**WHAT IS EXPECTED**.
In the records below, find the line holding "elora dress satin" and the line holding "1、切开翻瓣时要注意切口应在". Set down both, with every line between them, exactly.

**DATA SHOWN**.
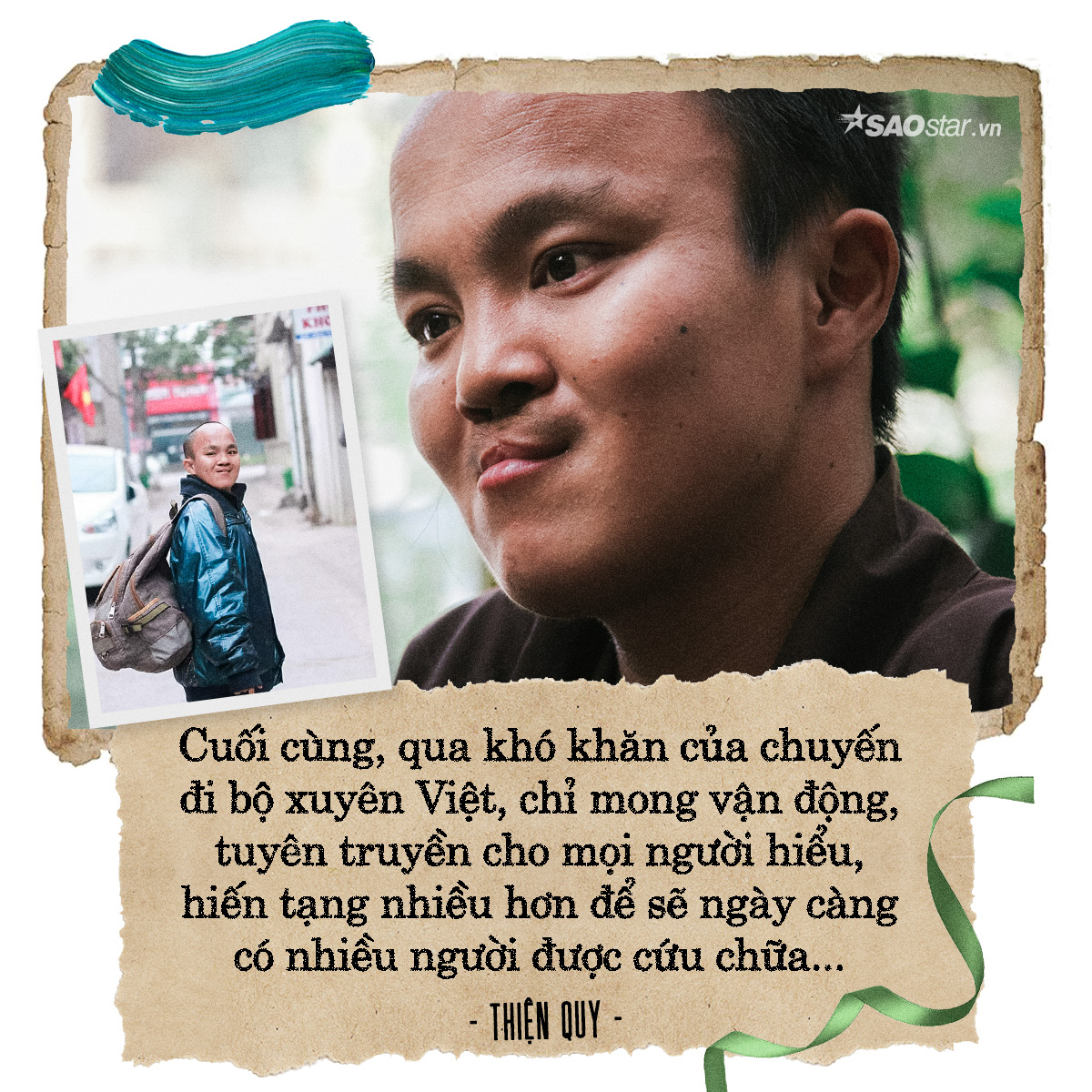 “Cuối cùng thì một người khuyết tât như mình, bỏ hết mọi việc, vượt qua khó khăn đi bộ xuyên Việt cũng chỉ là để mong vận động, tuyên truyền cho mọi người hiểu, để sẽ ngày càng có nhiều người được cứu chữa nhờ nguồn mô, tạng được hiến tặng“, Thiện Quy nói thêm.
==
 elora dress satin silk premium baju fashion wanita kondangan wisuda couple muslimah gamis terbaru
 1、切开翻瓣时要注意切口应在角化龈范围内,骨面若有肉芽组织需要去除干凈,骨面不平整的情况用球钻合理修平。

**THE ANSWER**.
 elora dress satin silk premium baju fashion wanita kondangan wisuda couple muslimah gamis terbaru
 1、切开翻瓣时要注意切口应在角化龈范围内,骨面若有肉芽组织需要去除干凈,骨面不平整的情况用球钻合理修平。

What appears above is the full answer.